- [Record excerpts]:
•••
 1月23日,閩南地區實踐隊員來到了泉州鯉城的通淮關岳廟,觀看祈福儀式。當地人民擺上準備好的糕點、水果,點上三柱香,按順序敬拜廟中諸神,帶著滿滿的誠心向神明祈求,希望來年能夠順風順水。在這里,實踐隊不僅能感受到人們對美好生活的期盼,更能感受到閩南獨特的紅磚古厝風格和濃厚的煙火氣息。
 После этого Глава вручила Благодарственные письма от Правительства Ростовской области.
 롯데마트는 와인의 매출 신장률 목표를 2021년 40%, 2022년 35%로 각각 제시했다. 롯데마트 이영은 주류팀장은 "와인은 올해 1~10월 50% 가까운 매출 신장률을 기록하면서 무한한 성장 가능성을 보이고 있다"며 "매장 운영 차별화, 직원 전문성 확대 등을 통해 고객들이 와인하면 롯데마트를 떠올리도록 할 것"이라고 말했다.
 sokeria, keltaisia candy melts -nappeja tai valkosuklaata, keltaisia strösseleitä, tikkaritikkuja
•••
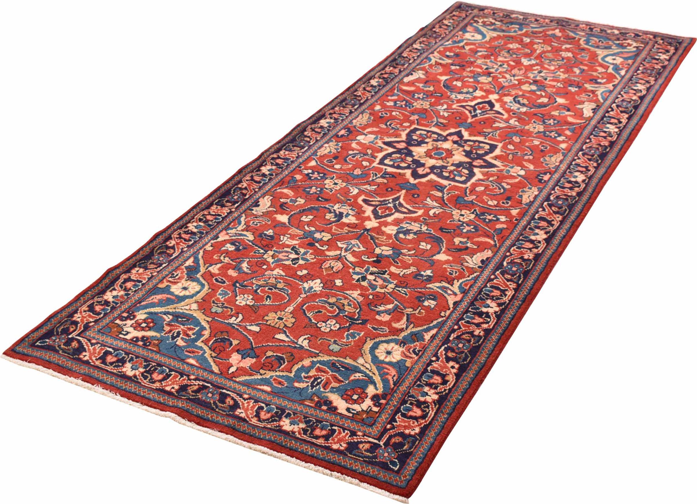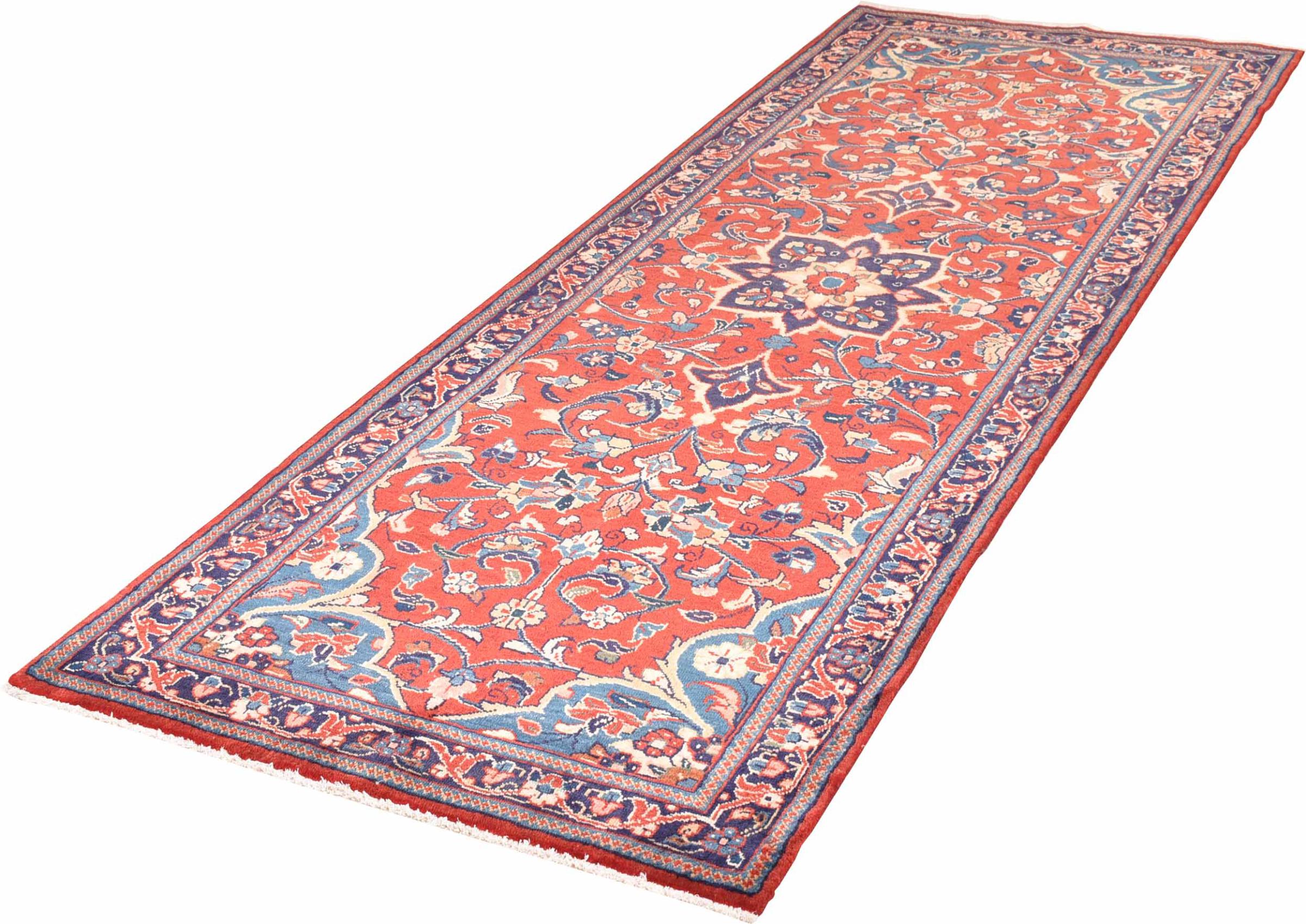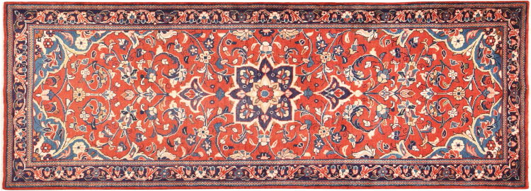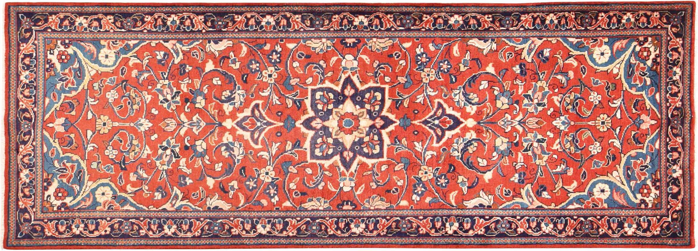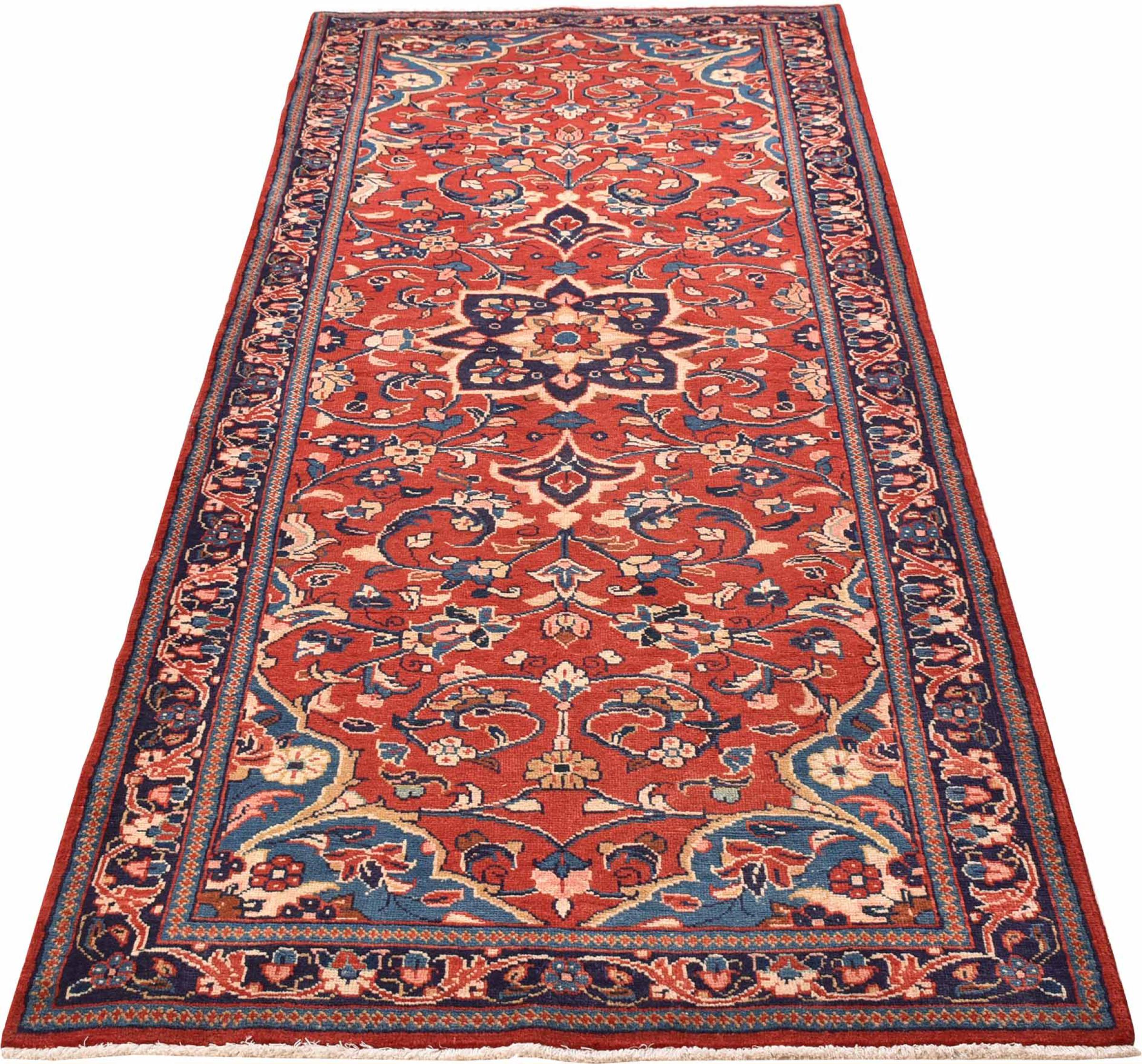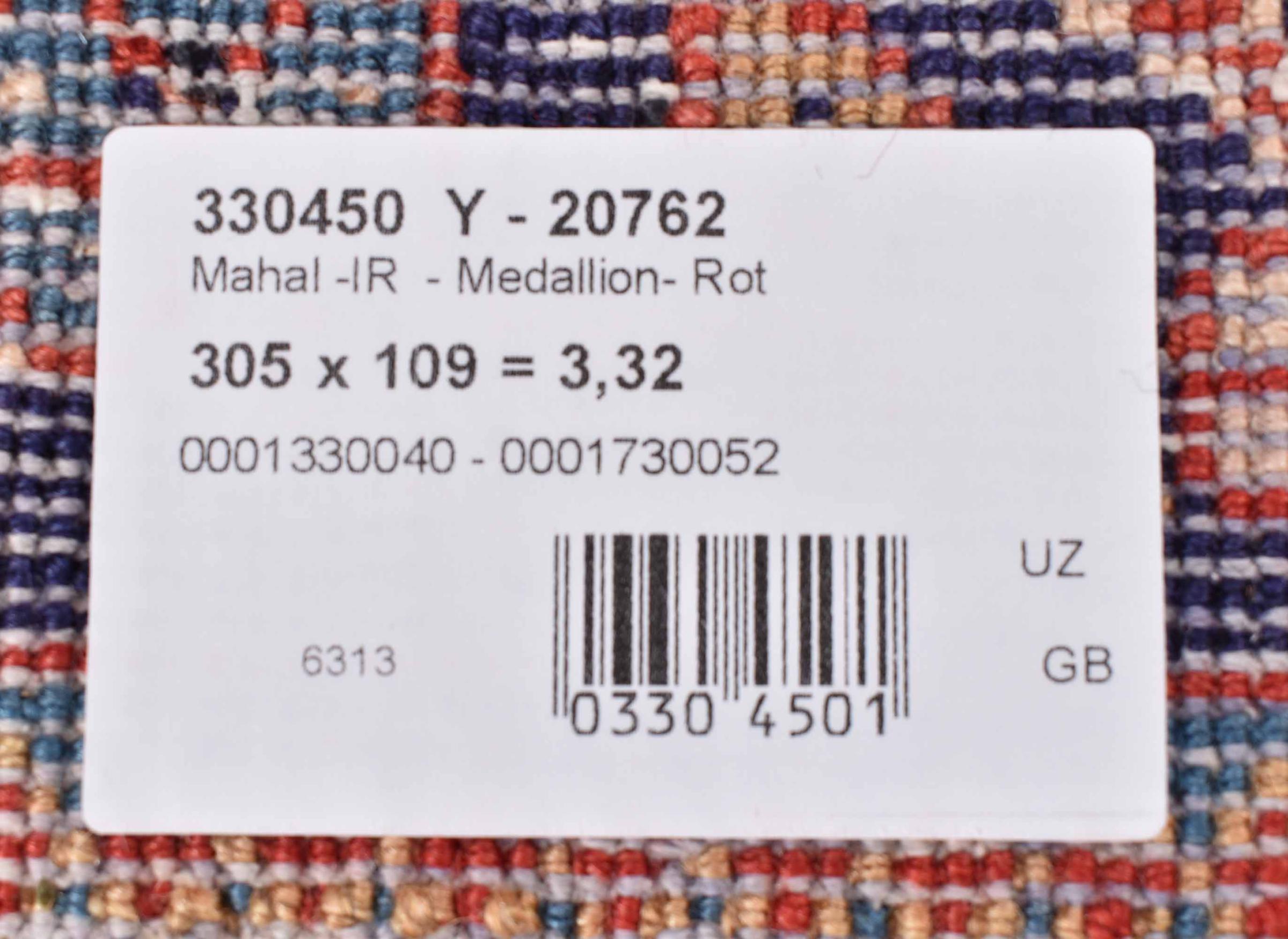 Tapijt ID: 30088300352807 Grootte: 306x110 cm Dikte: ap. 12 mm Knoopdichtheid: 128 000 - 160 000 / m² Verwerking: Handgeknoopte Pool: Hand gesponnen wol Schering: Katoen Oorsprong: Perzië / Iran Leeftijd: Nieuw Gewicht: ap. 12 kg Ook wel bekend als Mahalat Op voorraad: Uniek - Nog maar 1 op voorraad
•••
- [Prompt]:
Working from the records above, write out verbatim only the lines from the line containing "롯데마트는 와인의 매출" through the line containing "sokeria, keltaisia candy".

- [Output below]:
 롯데마트는 와인의 매출 신장률 목표를 2021년 40%, 2022년 35%로 각각 제시했다. 롯데마트 이영은 주류팀장은 "와인은 올해 1~10월 50% 가까운 매출 신장률을 기록하면서 무한한 성장 가능성을 보이고 있다"며 "매장 운영 차별화, 직원 전문성 확대 등을 통해 고객들이 와인하면 롯데마트를 떠올리도록 할 것"이라고 말했다.
 sokeria, keltaisia candy melts -nappeja tai valkosuklaata, keltaisia strösseleitä, tikkaritikkuja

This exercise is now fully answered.